- _Stored items_:

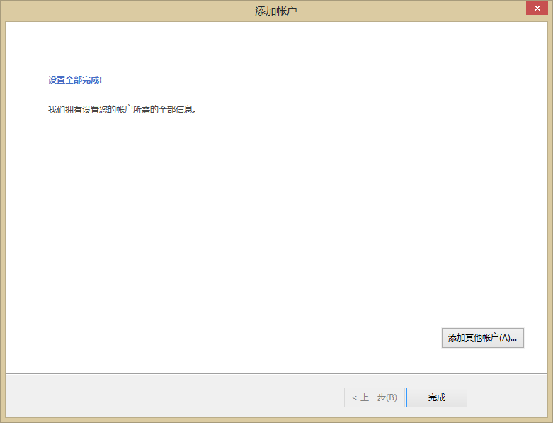 7.点击“其他设置”窗口的确定,回到了“电子账户”窗口,点击“下一步”,然后点击“完成”即可完成配置。
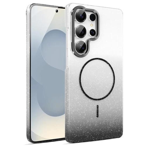 Funda MagSafe a prueba de golpes para Samsung Galaxy S25 Ultra 5G con purpurina dorada y degradado (negro)
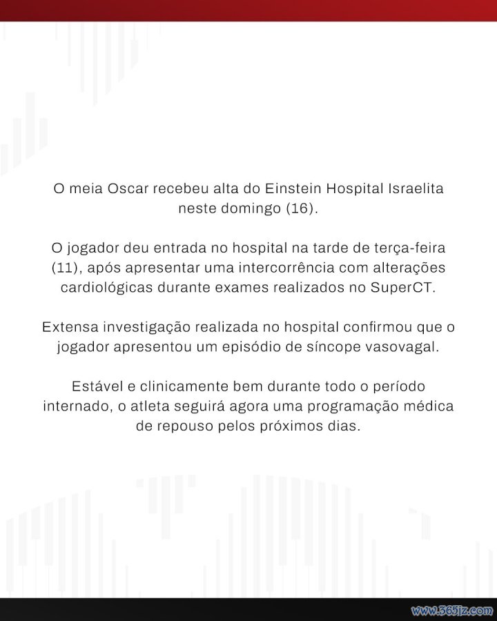 中场球员奥斯卡于本周日(16日)从以色列爱因斯坦病院出院。
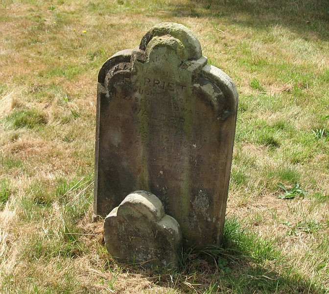 | In memory of HARRIETT daughter of ELIZABETH and EDWARD WALDER who departed this life August 12th 1867 Aged 8 years Suffer little children to come unto me and forbid them not. |
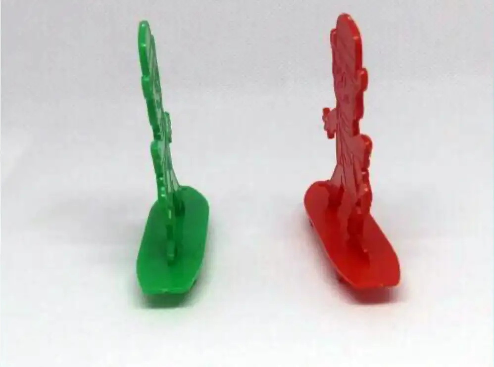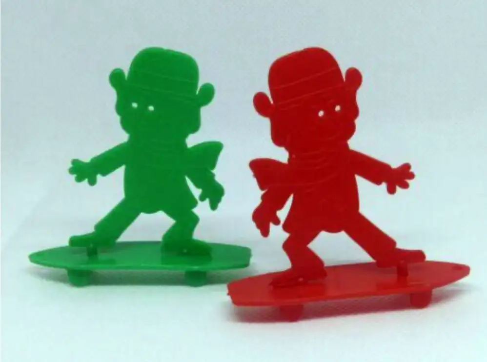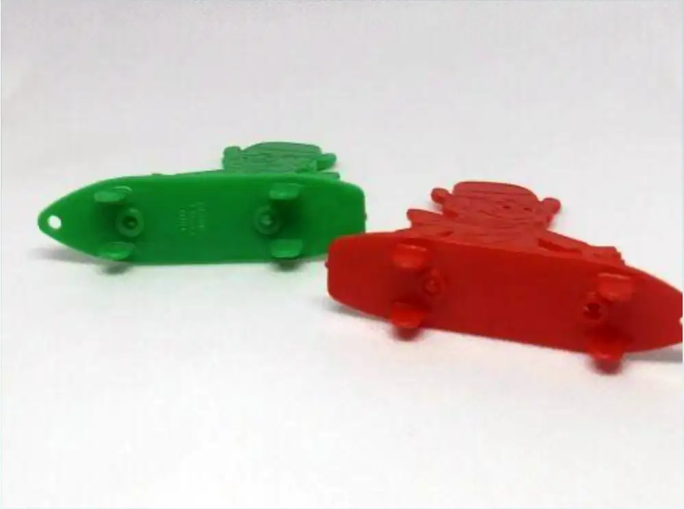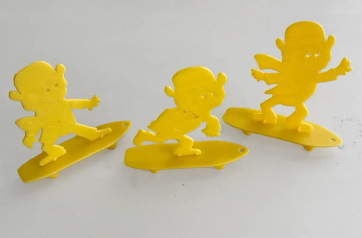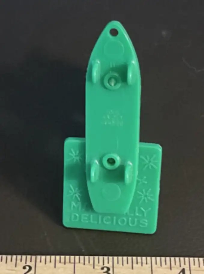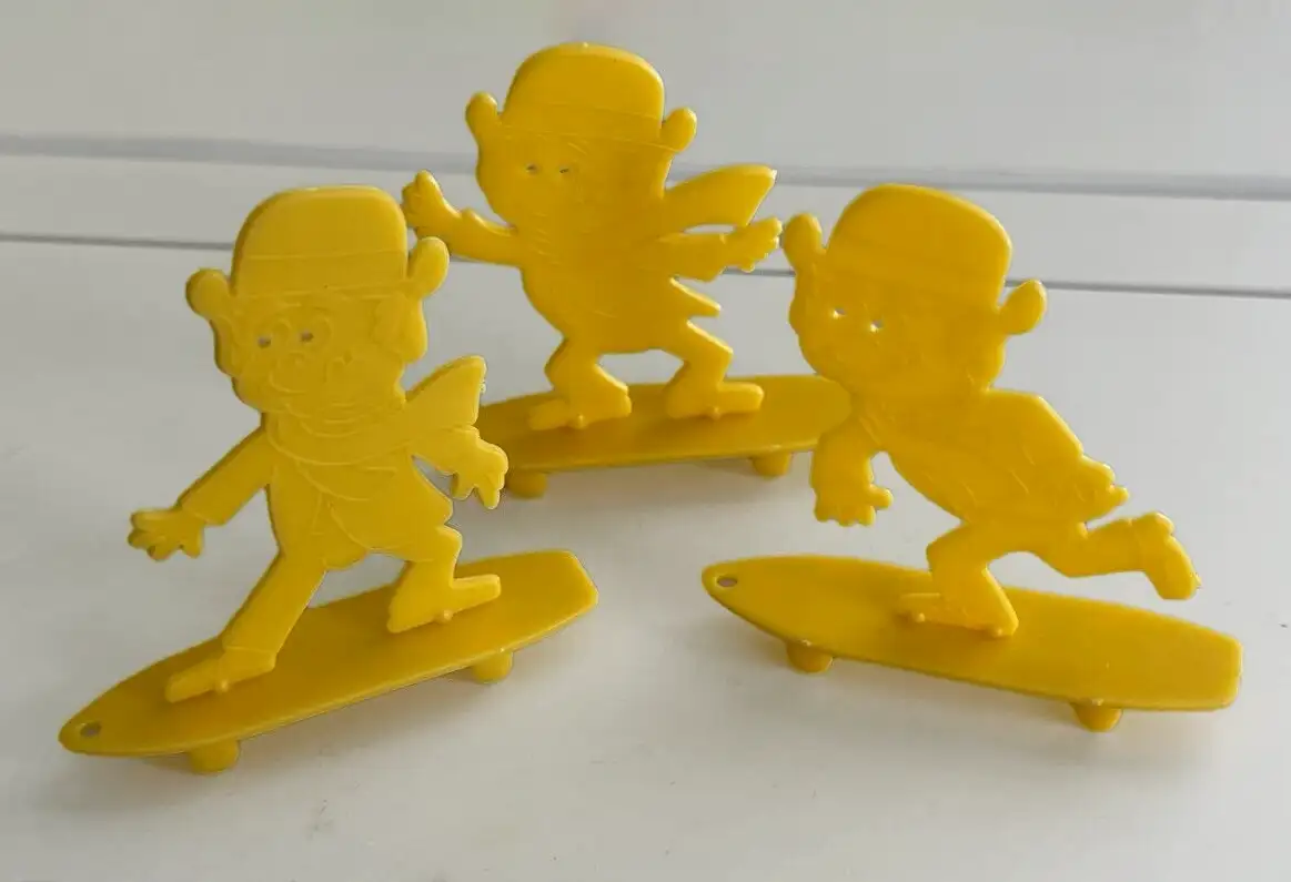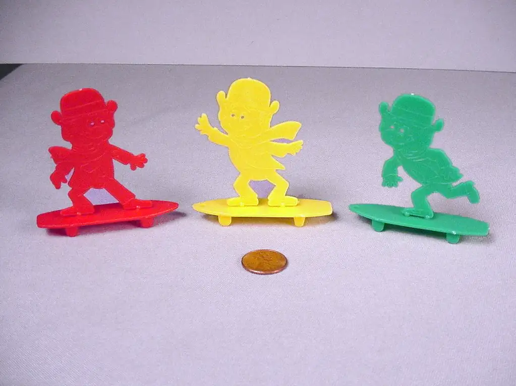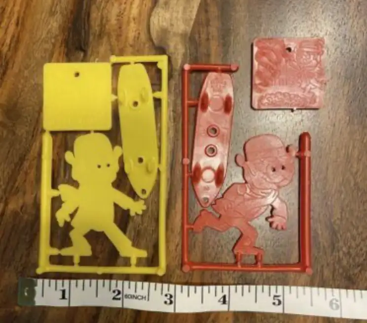 One auction described this toy as a “walker” which made me think of those little figures that wobble down an incline. This clearly isn’t one of those, but one auction did picture a bit of string with one end tied to the nose of the skateboard and the other to the leftover square piece that says “magically delicious.” This may be the intended use because both pieces have a hole punched in them.
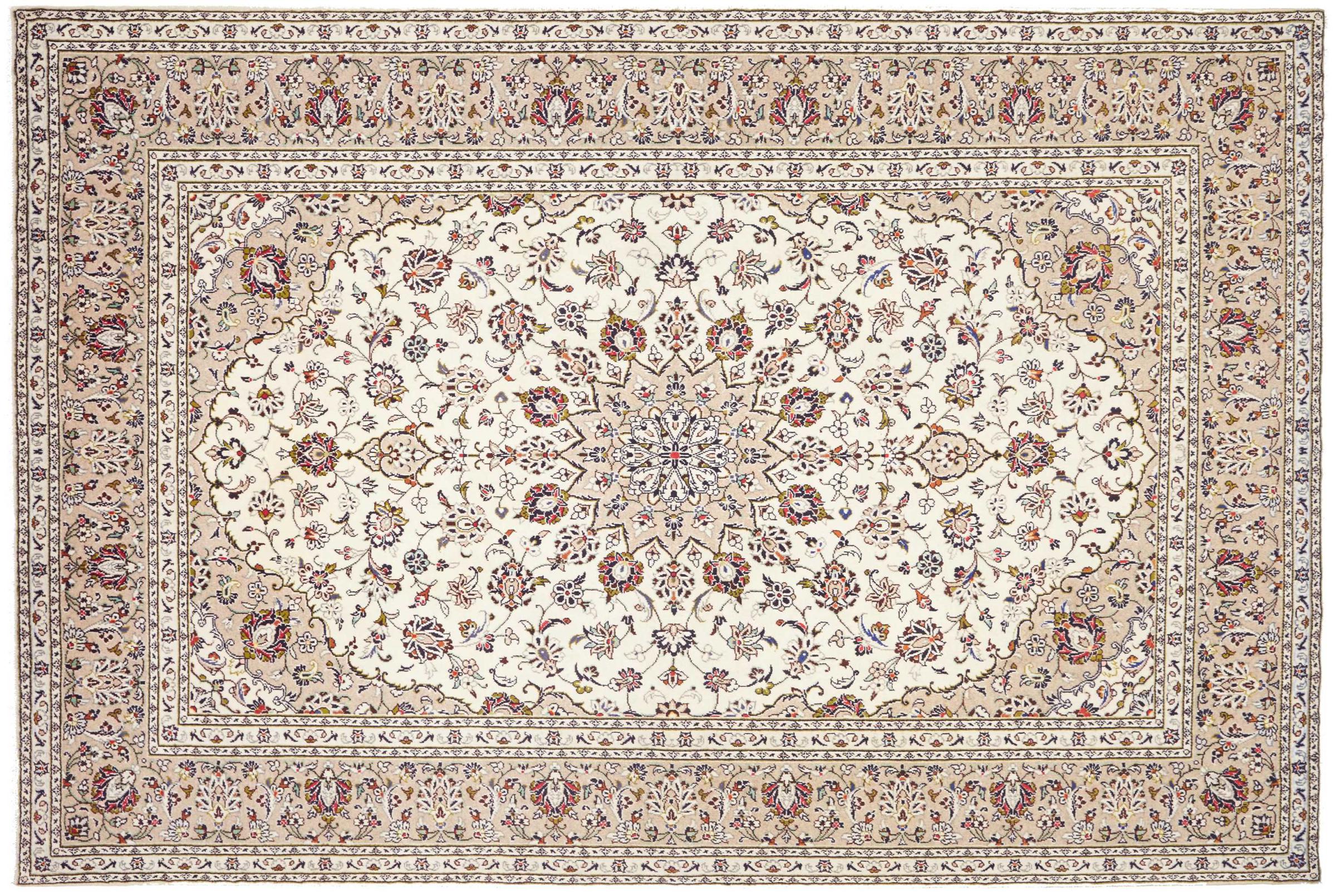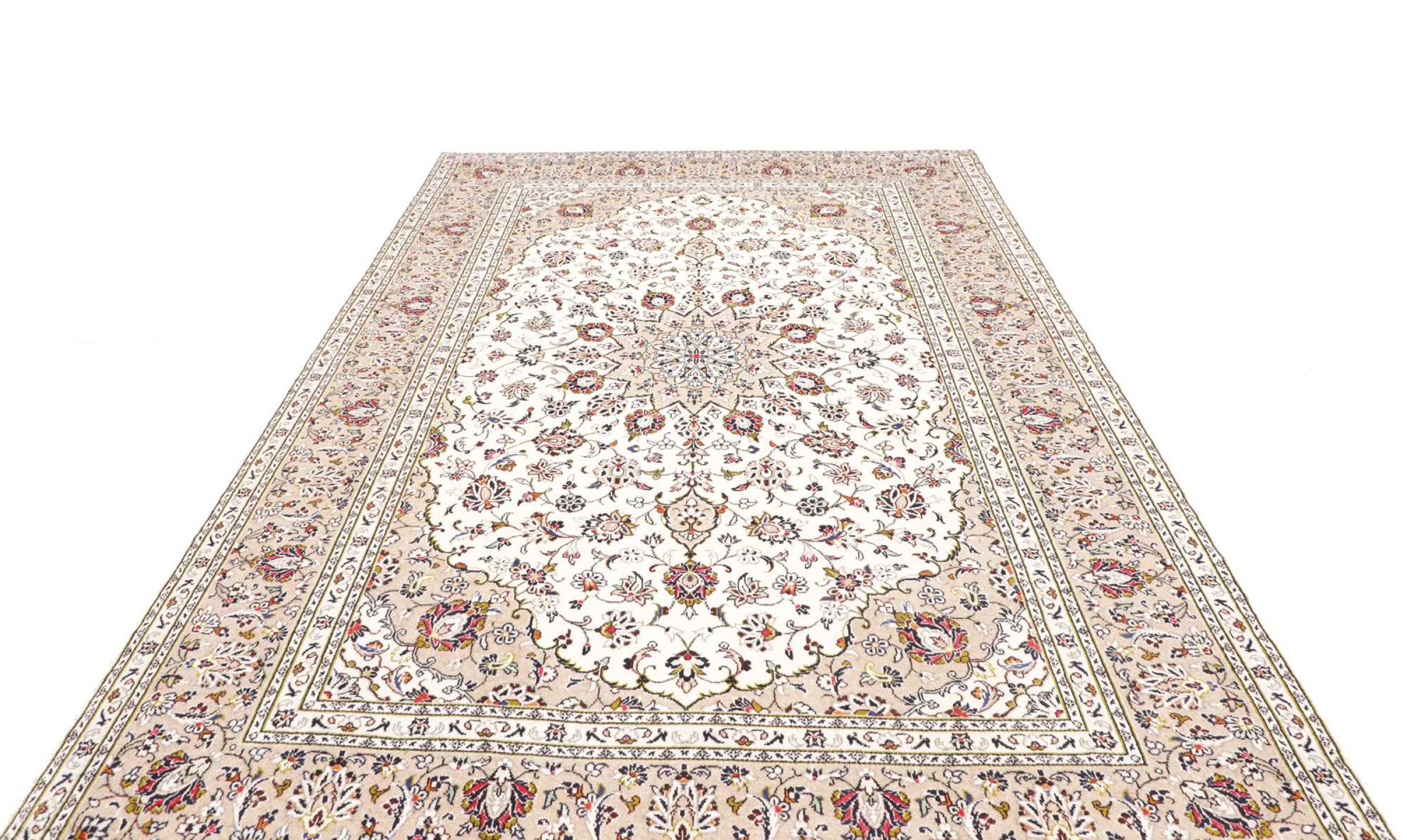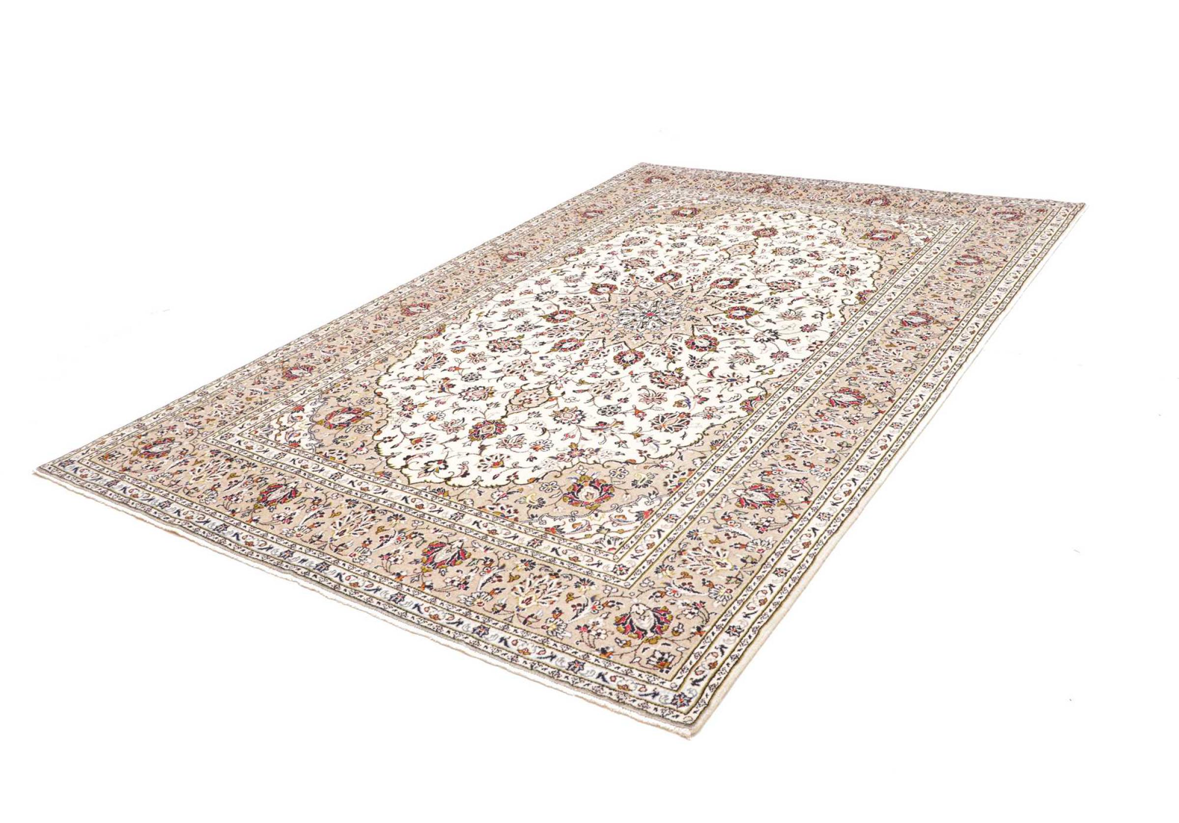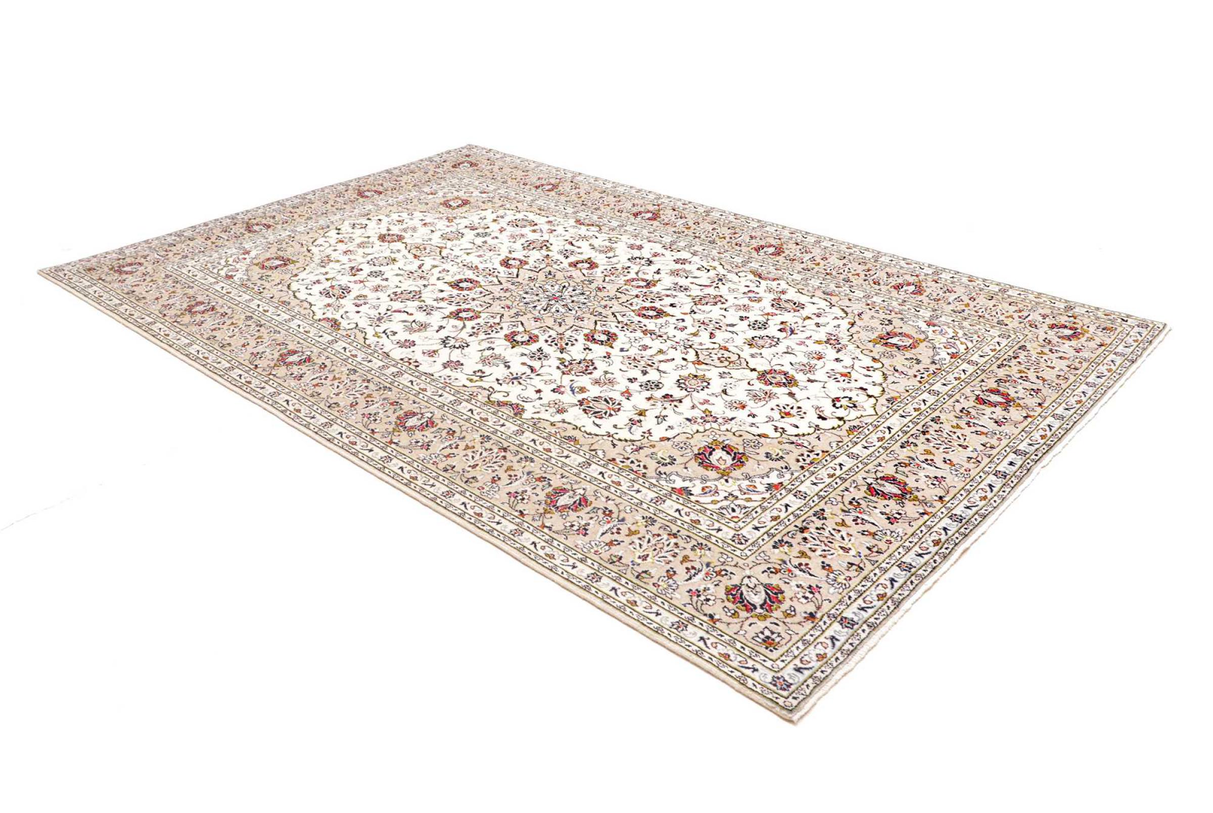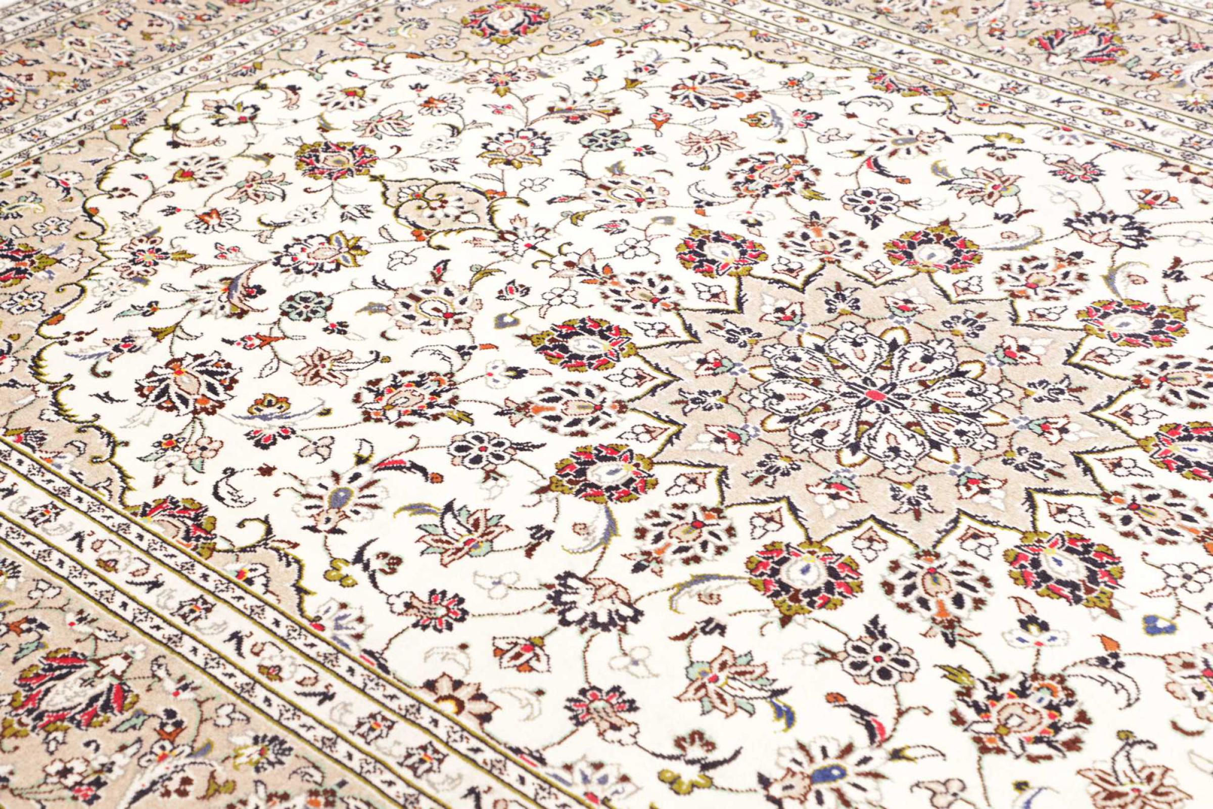 Hand knotted rugs from the city of Kashan (Keshan) are known worldwide. Not only do these Persian rugs have a very popular design, but their quality is undisputedly one of the best. In the Persian Empire the city was considered one of the most important trading places along the famous Silk Road. Kashan rugs usually have a central medallion, floral ornaments and a red background. They are made of high-quality sheep's wool and vegetable dyes.

- _EXERCISE DETAILS_: The answer must restate each entry word for word and contain no images.

- _ANSWER BOX_:
 7.点击“其他设置”窗口的确定,回到了“电子账户”窗口,点击“下一步”,然后点击“完成”即可完成配置。
 Funda MagSafe a prueba de golpes para Samsung Galaxy S25 Ultra 5G con purpurina dorada y degradado (negro)
 中场球员奥斯卡于本周日(16日)从以色列爱因斯坦病院出院。
 | In memory of HARRIETT daughter of ELIZABETH and EDWARD WALDER who departed this life August 12th 1867 Aged 8 years Suffer little children to come unto me and forbid them not. |
 One auction described this toy as a “walker” which made me think of those little figures that wobble down an incline. This clearly isn’t one of those, but one auction did picture a bit of string with one end tied to the nose of the skateboard and the other to the leftover square piece that says “magically delicious.” This may be the intended use because both pieces have a hole punched in them.
 Hand knotted rugs from the city of Kashan (Keshan) are known worldwide. Not only do these Persian rugs have a very popular design, but their quality is undisputedly one of the best. In the Persian Empire the city was considered one of the most important trading places along the famous Silk Road. Kashan rugs usually have a central medallion, floral ornaments and a red background. They are made of high-quality sheep's wool and vegetable dyes.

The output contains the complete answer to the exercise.